**Prompt:**
Your job with the data below is to output exactly the lines from the one holding "A cute Husky" down to the one holding "Male Death Registration: Year: 1915", both included, and no others.

**Data for this task:**
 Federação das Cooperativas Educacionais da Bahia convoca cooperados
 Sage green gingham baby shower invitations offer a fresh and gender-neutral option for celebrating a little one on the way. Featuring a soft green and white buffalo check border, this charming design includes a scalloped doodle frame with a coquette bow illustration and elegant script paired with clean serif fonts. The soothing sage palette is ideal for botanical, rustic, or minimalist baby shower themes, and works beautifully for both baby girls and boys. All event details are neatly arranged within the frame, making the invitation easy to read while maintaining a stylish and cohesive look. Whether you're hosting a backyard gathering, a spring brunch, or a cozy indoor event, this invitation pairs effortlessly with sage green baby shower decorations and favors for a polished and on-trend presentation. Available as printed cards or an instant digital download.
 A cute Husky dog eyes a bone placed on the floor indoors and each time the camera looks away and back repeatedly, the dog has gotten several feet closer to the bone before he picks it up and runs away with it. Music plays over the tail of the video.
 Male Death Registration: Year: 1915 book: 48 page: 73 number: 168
--
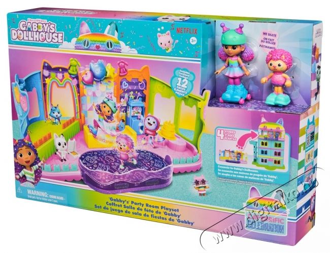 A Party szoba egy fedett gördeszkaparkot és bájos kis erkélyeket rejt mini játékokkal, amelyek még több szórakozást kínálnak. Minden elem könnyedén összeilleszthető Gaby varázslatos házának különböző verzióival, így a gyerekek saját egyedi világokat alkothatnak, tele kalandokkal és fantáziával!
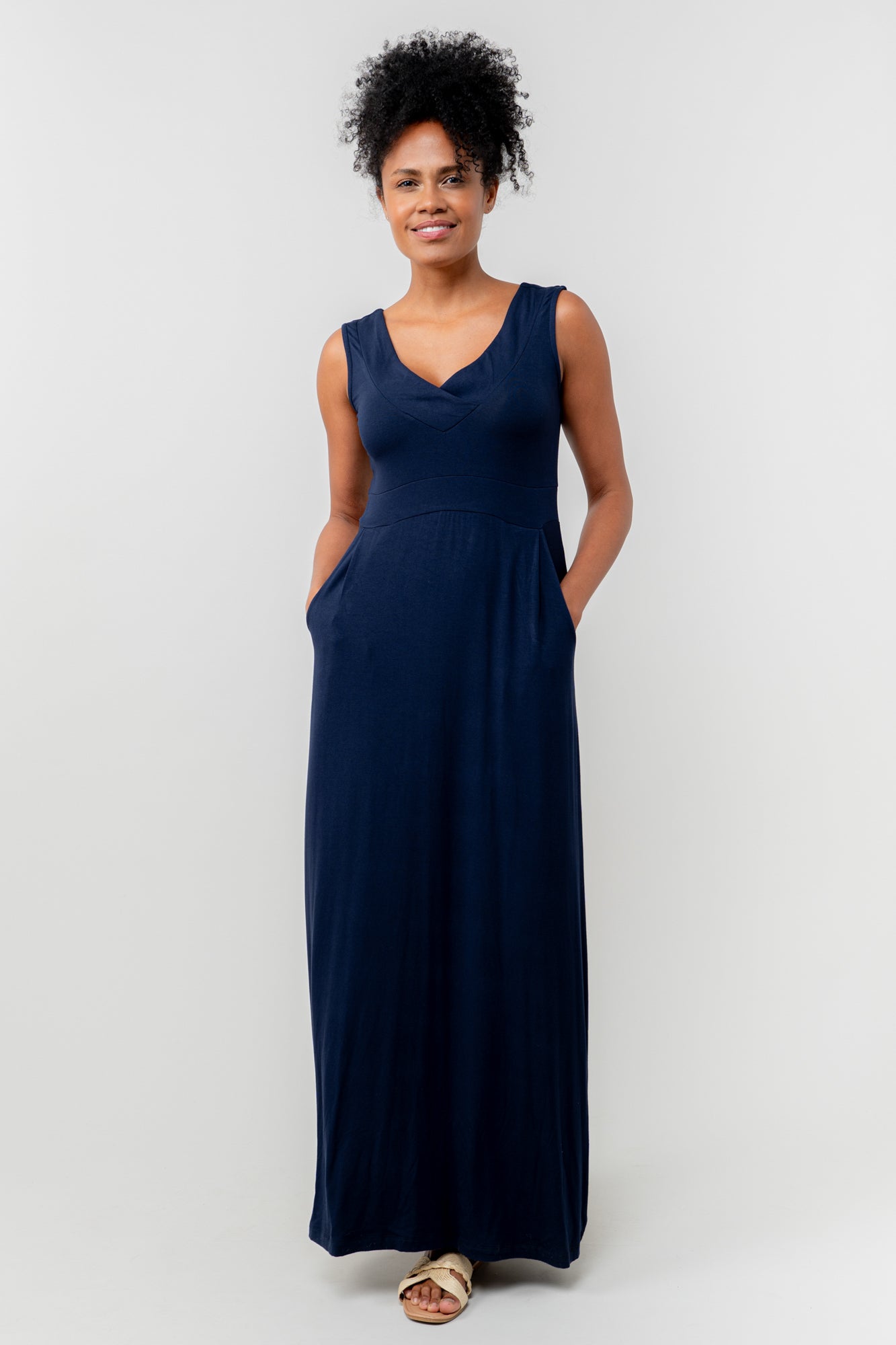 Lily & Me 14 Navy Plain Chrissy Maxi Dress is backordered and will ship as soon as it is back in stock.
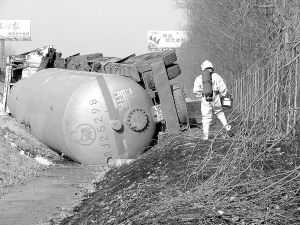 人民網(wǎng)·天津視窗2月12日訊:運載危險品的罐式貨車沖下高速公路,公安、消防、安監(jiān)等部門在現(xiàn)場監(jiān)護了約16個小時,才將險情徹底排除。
---
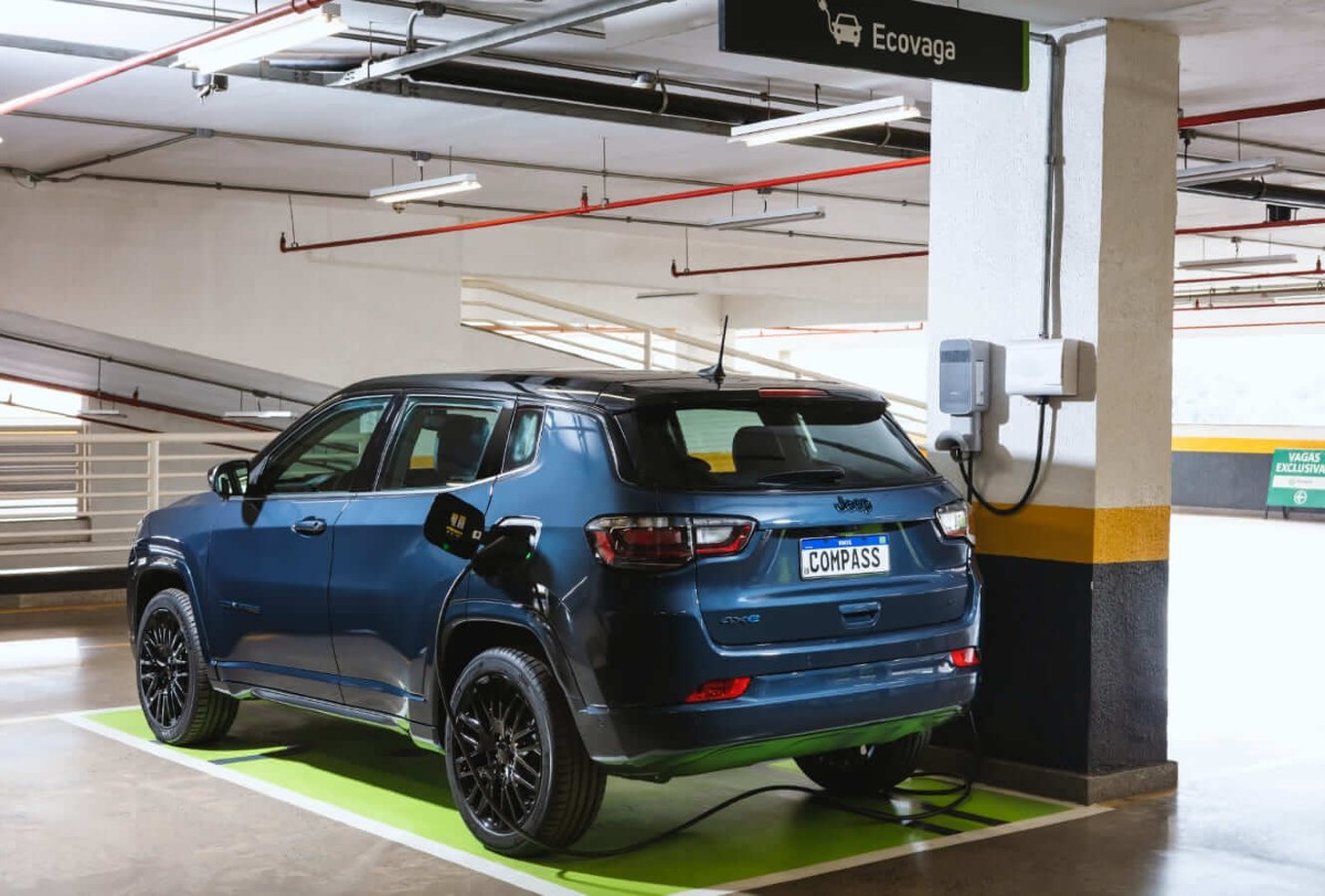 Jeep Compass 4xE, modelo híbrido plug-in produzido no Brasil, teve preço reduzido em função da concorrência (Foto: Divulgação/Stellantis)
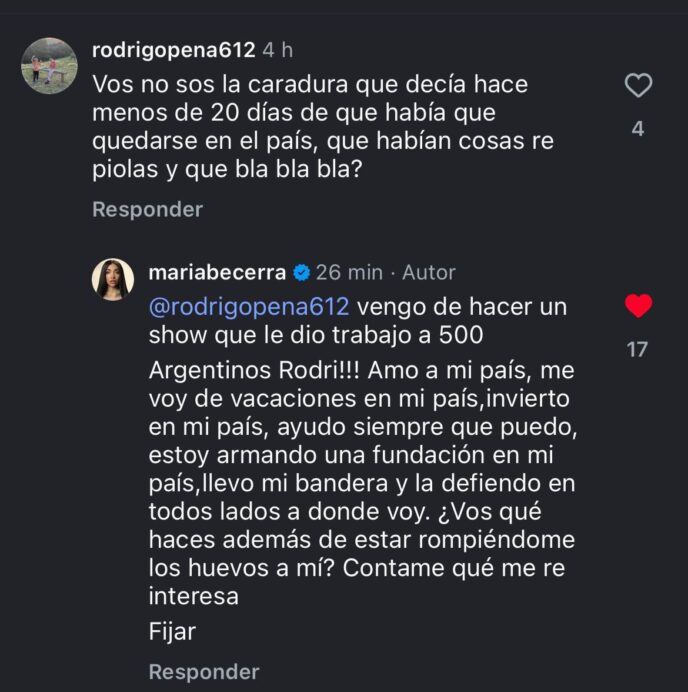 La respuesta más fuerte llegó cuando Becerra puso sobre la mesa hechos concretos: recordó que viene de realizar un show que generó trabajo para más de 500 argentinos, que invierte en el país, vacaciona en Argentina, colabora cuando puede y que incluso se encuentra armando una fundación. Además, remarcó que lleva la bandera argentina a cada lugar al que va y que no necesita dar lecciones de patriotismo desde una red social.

**Output below:**
 A cute Husky dog eyes a bone placed on the floor indoors and each time the camera looks away and back repeatedly, the dog has gotten several feet closer to the bone before he picks it up and runs away with it. Music plays over the tail of the video.
 Male Death Registration: Year: 1915 book: 48 page: 73 number: 168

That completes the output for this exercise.